Since any of these three elements of objective function have different effect on the performance of IDS, we convert this multiple criteria problem to a single weighted fitness function that combines the three goals linearly into one. Where w DR, w FAR and w F represents the importance of detection rate, false alarm rate and number of selected features in the objective function. Detection rate or sensitivity in biomedical informatics terms, known as a true positive rate (TPR), which means the ratio of true positive recognition to the total actual positive class;\( \frac{TP}{\left(\mathrm{TP}+\mathrm{FN}\right)} \). False alarm rate (FAR) or false positive rate (FPR) defined as: \( \frac{FP}{\left(\mathrm{FP}+\mathrm{TP}\right)} \). fi represents the value of feature mask (“1” represents that feature i is selected and “0” represents that feature i is not selected), and n F indicates the number of features.

The specific steps of TVCPSO–MCLP and TVCPSO–SVM are described as follows:

  • Step 1: Chaotic initialization for n + 2 particle, for the MCLP algorithm, the first two parameters are α and β and for SVM algorithm the first two parameters are c and γ. The rest of n particle is binary features mask of feature sets which here is 41 features of NSL-KDD cup 99 datasets. Here in binary features mask, 1 and 0 adopted to present as selected features and discarded features, respectively.

    1. (a)

      Initialize a vector z 0 = (z 01z 02, …, z 0n), each component of it is set as a random value in the range [0, 1], and by iteration of Logistic equation a chaos queue z 1z 2, …, z n is obtained.

    2. (b)

      In order to transfer the chaos queue z j into the parameter’s range the following equation is used:

$$ {\hat{Z}}_{jk}={a}_k+\left({b}_k-{a}_k\right).{z}_{jk}\kern2.25em \left(k=1,2,\dots, n\right) $$
(2.193)
  • Where the value range of each particle defined by [a k, b k].

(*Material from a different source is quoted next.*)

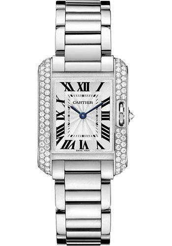 Small size (30.2mm x 22.7mm) rhodiumized 18K white gold case set with brilliant-cut diamonds, nine-sided crown set with a brilliant-cut diamond, sapphire crystal, slivered and lacquered flinque dial with Roman numerals and sword-shaped blued-steel hands, quartz caliber Cartier 057 movement, rhodiumized 18K white gold bracelet. Water resistant to 30 meters.

  • Step 2: Compute the fitness value of the initial vector \( {\hat{Z}}_j\ \left(j=1,2,\dots, m\right) \) and then choose the best M solutions as the initial positions of M particles.

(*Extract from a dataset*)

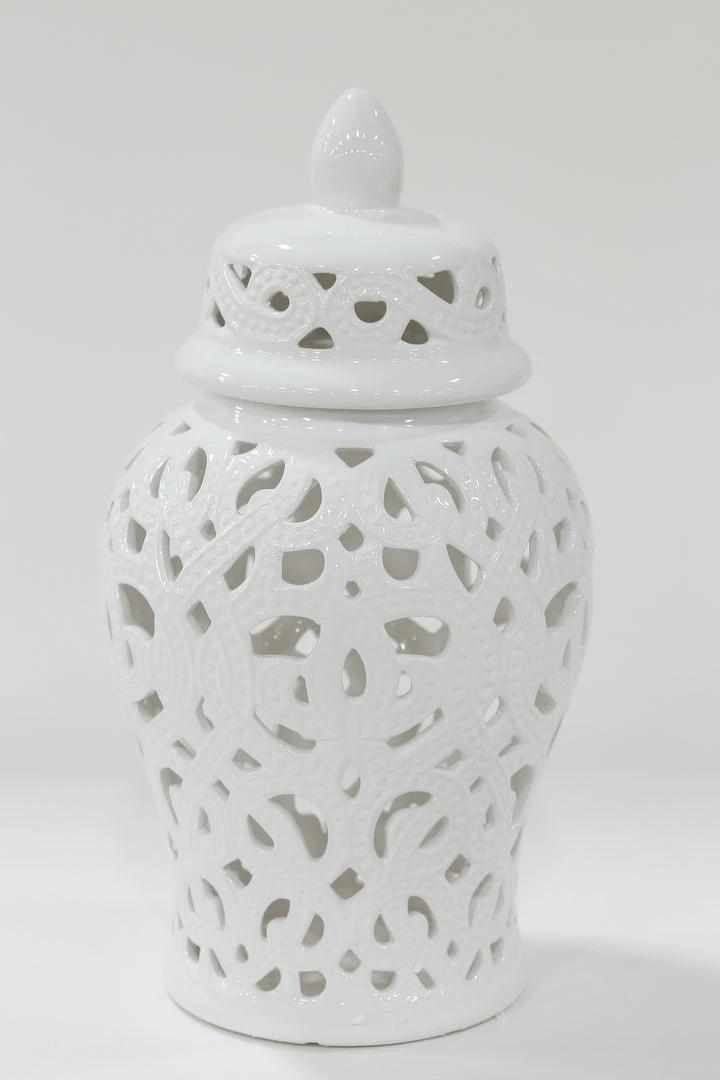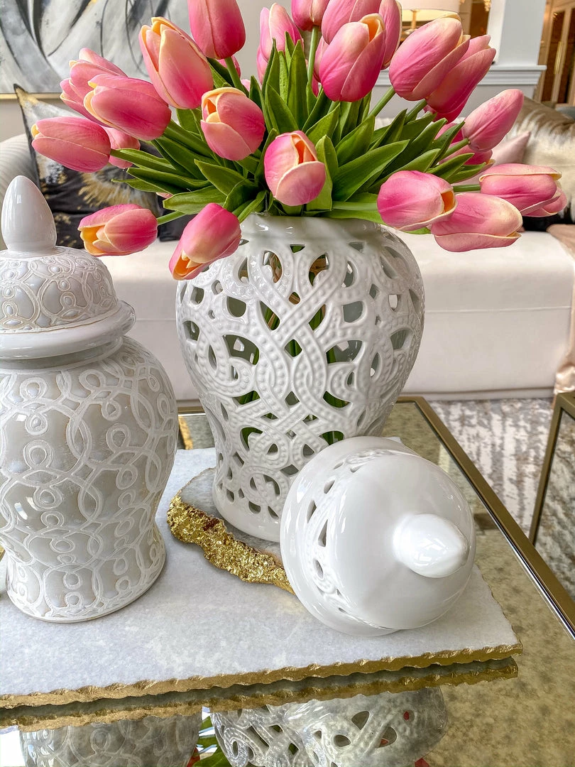 Description: This white beaded ceramic ginger jar is perfect for spring! It is 15″ tall and gives height to your vignette.

  • Step 3: Randomly initialize the velocity of M particles, here, v j = (v j1, v j2, …., v jnj = (1, 2, …, M.)

  • Step 4: Update the velocity and position of each classifier’s parameters (α, β in MCLP and cγ in SVM) according to Eqs. (2.184) and (2.185), and in order to update the velocity and position of the features in each particle Eqs. (2.184) and (2.190) have been used, respectively.

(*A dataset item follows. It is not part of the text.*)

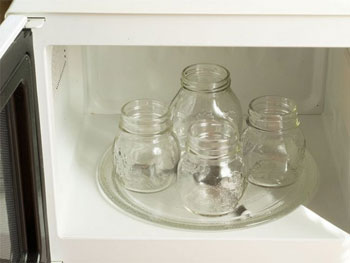 Чистые баночки заполняем водой на 1/3 емкости. Ставим банки (без крышек!) в микроволновку на 5 минут (на максимальную мощность). Затем воду сливаем и наполняем вареньем, икрой и т. д.

  • Step 5: Evaluate the fitness of each particle according to Eq. (2.192) and then compare the evaluated fitness value of each particle (personal optimal fitness (pfit)) to its personal best position (p i, best):

    1. (a)

      If the pfit is better than p i, best then update the p i, best as the current position, otherwise keep the previous ones in memory.

    2. (b)

      If the pfit is better than p g, best then update the p g, best as the current position, otherwise keep the previous p g, best.

  • Step 6: Optimize p g, best by chaos local search according to the following steps:

    1. (a)

      Consider T = 0, scale the p gk, best into the range of [0,1] by \( {z}_k^T=\frac{p^{gk, best}-{a}_k}{b_k-{a}_k}\left(k=1,2,\dots, n\right). \)

    2. (b)

      Generate the chaos queues \( {Z}_j^T\left(T=1,2,\dots, m\right) \) by iteration of Logistic equation.

    3. (c)

      Obtain the solution set p = (p 1, p 2, …, p m) by scale the chaotic variables \( {Z}_j^T \) into the decision variable according to the \( {p}_k^T={a}_k+\left({b}_k-{a}_k\right).{z}_k^T \).

    4. (d)

      Evaluate the fitness value of each feasible solution p = (p 1, p 2, …, p m), and get the best solution \( {\hat{p}}^{g, best} \).

  • Step 7: If the stopping criteria are satisfied, then stop the algorithms and get the global optimum that are the optimal value of (α, β in MCLP and c, γ in SVM) and the most appropriate subset of features. Otherwise, go to step 5.